Впрочем, как бы то ни было, все эти разыскания, споры противоположных мнений, гипотезы, разрешения частных вопросов, как они ни будь относительно полезны, все не дают же истории. Возвращаясь, после долгого отступления, к основному началу нашей статьи, нам все-таки останется заметить и сожалеть, что как после Пушкина не было у нас великого поэта, так после Карамзина не было у нас историка.
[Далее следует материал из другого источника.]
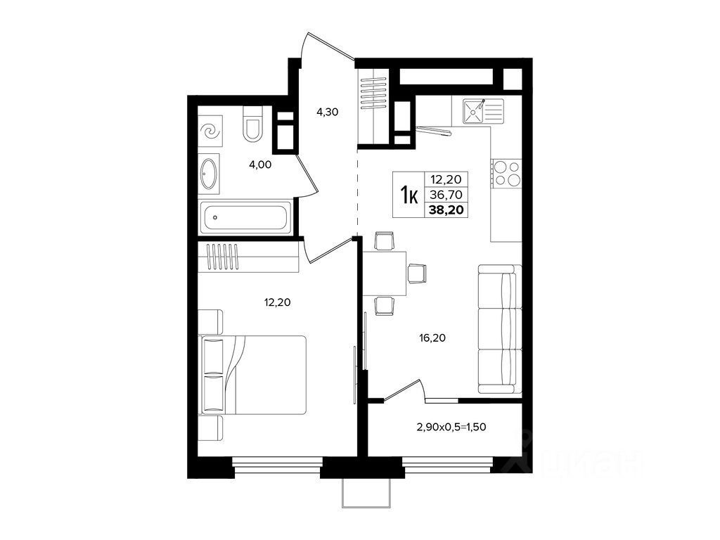 Общая площадь38,2 м²

Собиратели материалов, каменосеки – люди очень полезные и необходимые, но для сооружения здания нужны зодчие, а зодчего у нас нет. Еще одно замечание: нынешние исторические труды окажут свою действительную пользу в будущем. И в этом отношении они драгоценны. Ныне они, по сухости и частности своей, вообще недоступны и бесплодны для большинства читателей. Специальные люди занимаются разработкою нашей истории, но публика не в состоянии вникать в эти труды и следовать за ними. Публике нужны не догадки, не гипотезы, не материалы, а нужно что-нибудь целое, стройное, художественное. Нет сомнения, и нельзя о том не соболезновать, что с того времени, как самые начала истории нашей снова приведены в спорную статью, что доверие к труду Карамзина потрясено разнородными требованиями, новое поколение читателей – не говорю и производителей – хуже знает нашу историю, нежели знали ее за двадцать лет тому.